Set to drop on 6 September, it’s titled The John Peel Sessions 1979-1983 and is comprised of 21 recordings. They’re all original radio performances and they were integral to the Bunnymen’s success (the band’s guitarist, Sergeant, even said so himself). This national coverage in the early Eighties was courtesy of John Peel: the famed Radio 1 presenter from neighbouring county Cheshire who had a knack for featuring new musicians on the BBC. With other guests around the same time including The Cure, The Fall, The Smiths and Public Image Ltd, it was safe to say that if Peel got in touch you had something about you.

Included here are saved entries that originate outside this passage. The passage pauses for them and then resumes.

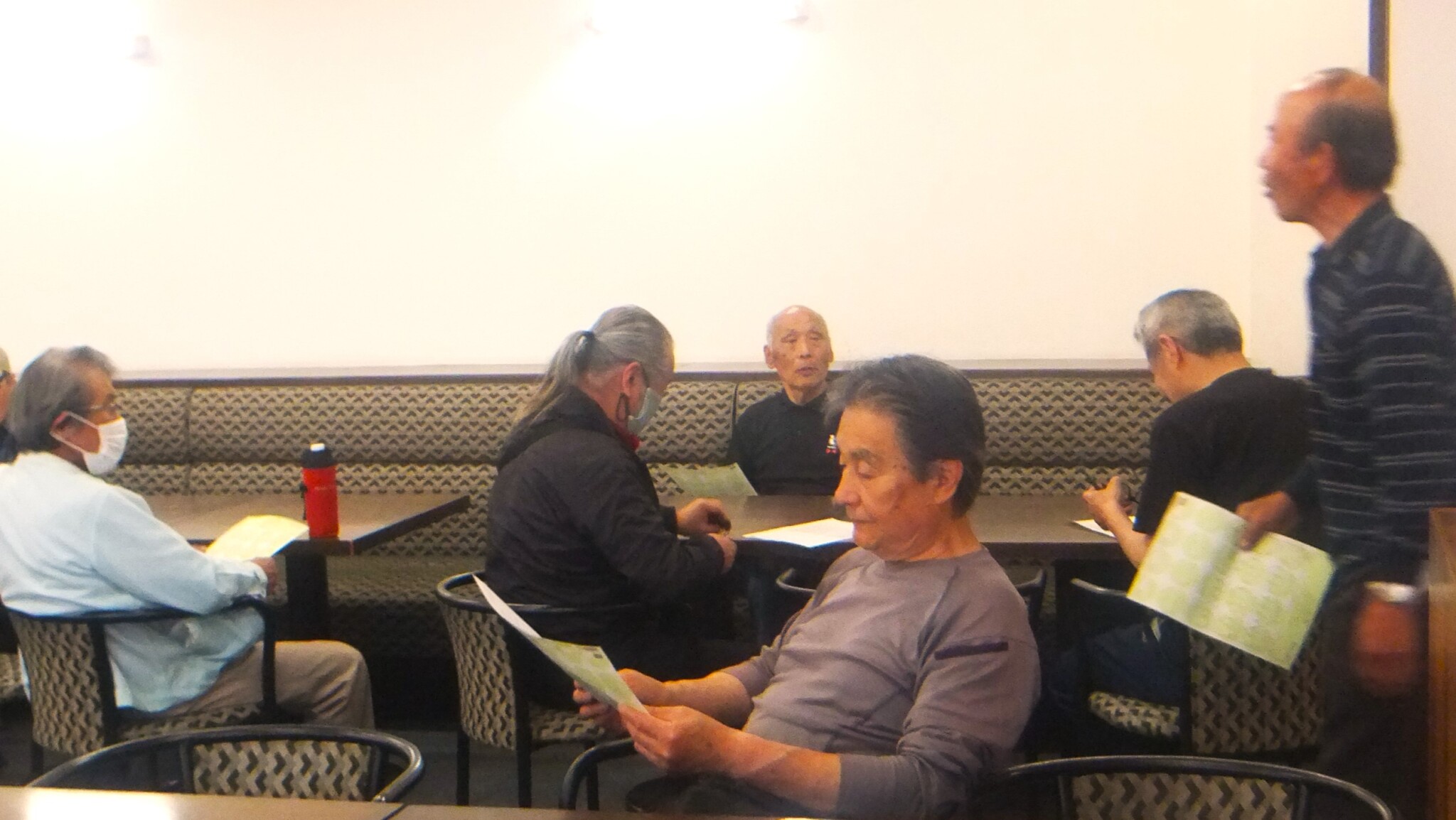 R8.2.10月例会 受付中.左から川上浩只さん 赤瀬朝喜さん
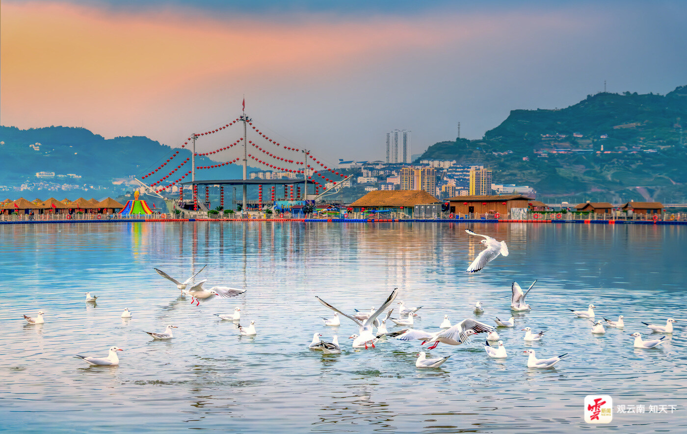 红嘴鸥正在江面自由嬉戏(资料图)。曾三东 摄
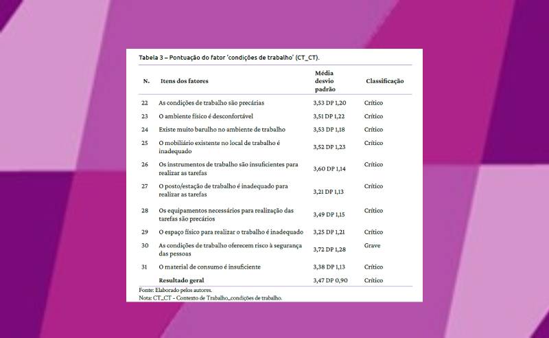 O presente estudo objetivou avaliar o contexto de trabalho dos profissionais do Serviço de Atendimento Móvel de Urgência em Fortaleza, Ceará. Foi realizada uma pesquisa transversal e descritiva, que contou com a participação de uma amostra não probabilística de 229 participantes de diferentes categorias profissionais que atuam no serviço. Os participantes responderam à Escala de Avaliação do Contexto de Trabalho, composta por três fatores. Os dados foram analisados por meio de estatística descritiva e multivariada. Os resultados evidenciaram que os fatores analisados na escala – organização do trabalho, relações socioprofissionais e condições de trabalho – apresentaram índices críticos, que sinalizam um alerta para o risco de adoecimento. Conclui-se que os profissionais do Serviço de Atendimento Móvel de Urgência vivenciam um risco potencial que poderá desencadear danos à saúde ocupacional. Recomenda-se que sejam efetivadas medidas para melhoria na organização do trabalho, em suas condições laborais e suas relações socioprofissionais.
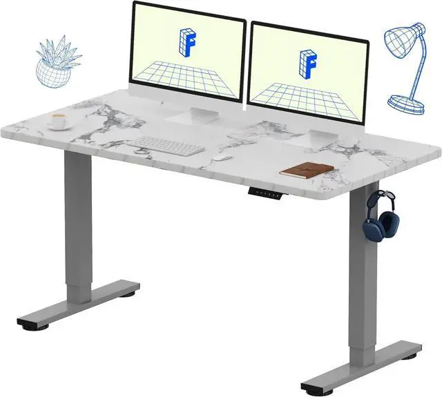 FLEXISPOT EN1 One-Piece Standing Desk 55 x 28 Inches Height Adjustable Electric Desk (Silver Frame + Marble Grey Top, 2 Packages)
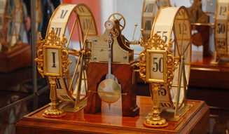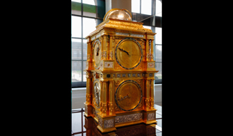数学・物理サロンが保有する収蔵品のなかでも、エバーハルト・バルデヴァイン(1525-1593)の天文時計は最も貴重なのもの。1563年から1568年にかけて製作され、ケースは真鍮製で表面に金メッキと銀メッキの処理が施されている。世界の中心を地球とする、つまり天動説に由来する作品だが、当時すでに知られていた7つの惑星が地球の周りを回る。
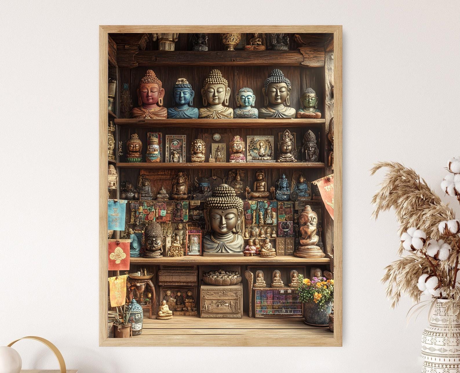 Découvrez cette affiche captivante qui plonge dans l'univers enchanteur d'une boutique tibétaine, ornée de masques cérémoniels, de statues de Bouddha en bronze et de drapeaux de prière colorés. Cette illustration vibrante évoque une ambiance spirituelle et artistique, idéale pour enrichir votre décoration murale et apporter une touche d’exotisme à votre art mural. Transformez votre espace avec cette pièce unique qui célèbre le patrimoine culturel du Tibet.
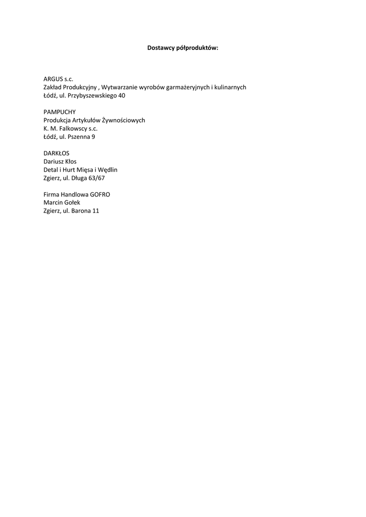 Dostawcy półproduktów: ARGUS s.c. Zakład Produkcyjny , Wytwarzanie wyrobów garmażeryjnych i kulinarnych Łódź, ul. Przybyszewskiego 40 PAMPUCHY Produkcja Artykułów Żywnościowych K. M. Falkowscy s.c. Łódź, ul. Pszenna 9 DARKŁOS Dariusz Kłos Detal i Hurt Mięsa i Wędlin Zgierz, ul. Długa 63/67 Firma Handlowa GOFRO Marcin Gołek Zgierz, ul. Barona 11

Rightfully so – the Bunnymen did. Pete de Freitas joined the existing trio as the drummer in 1980 and across the decade their music rose to add mainstream success to their cult following, especially in America. They kicked off their studio career with the dark and angular Crocodiles, which hit No17 on the UK album chart. A year on, Heaven Up Here reached No10 in the UK and entered the American Billboard 200. In 1983, Porcupine reached No2 (with its esoteric hit “The Cutter”). But it was the Bunnymen’s fourth LP, Ocean Rain, which ensured their legacy. Incorporating a 35-piece orchestra into recordings, the album breathed a pure degree of baroque into a music genre that was otherwise prescribed with more literal aggression. Its golden (and lead) single was “The Killing Moon”.

Peter Noble

I first heard the song in Richard Kelly's 2001 cult thriller Donnie Darko. I watched the film when I was about 12 – still a few years younger than its advised certificate – but I wasn’t absolutely terrified. I was more so transfixed, in part due to Jake Gyllenhaal’s breakout performance, in part due to its soundtrack. “The Killing Moon” backs the beginning of the movie, with its stellar arrangements and McCulloch’s vocals slotting brilliantly behind the young Donnie as he cycles through a vast landscape. It was a good way of introducing millennials to the Bunnymen and today even Gen-Z has had a greeting through “Nocturnal Me”, which closed out a series one episode of Stranger Things. Basically, the Bunnymen boast an ageless appeal and live recordings of those two songs open side four of their upcoming record release.

‘How could compositions that sound punky and angular yet classic and cinematic ever be dated?’

Those John Peel Sessions were played on the radio 40 years ago, but have never been compiled into a full LP before. So why are they being released now? Quite likely to time with the anniversary of the band's debut single and nod to the years that welcomed their cinematic sensibilities in music. But that's not to say that these songs play simply as a moment of their time. How could compositions that sound punky and angular yet classic and cinematic ever be dated? The Bunnymen create a one-of-a-kind atmosphere through their music and although I didn't live through their flourishing period, that's the main reason why they're always blasted through my home. You don't feel like you're listening to Eighties hits; their music acts more like a trigger for introspection.

Ebet Roberts

Granted, the Bunnymen have come a long way since 1979. Uncertainty in 1988 following McCulloch's departure, tragedy in 1989 when de Freitas was killed in a motorcycle accident, a new name – Electrafixion – when McCulloch and Sergeant teamed up again in 1994 and a return to their roots when the third surviving member, Pattinson, returned in 1997 and “Nothing Lasts Forever” was released. It's been a duo of McCulloch and Sergeant since the start of the millennium, but their unique approach to music is still heard. Forty years, 30 singles, 12 studio albums, a host of live and compilation albums on, the release of The John Peel Sessions is set to be a valuable addition to their discography. Liverpool isn't just about the Merseybeat – preorder this album now to find out why.

The John Peel Sessions 1979-1983 is out on 6 September. Echo & The Bunnymen play Liverpool's Sefton Park on 30 August.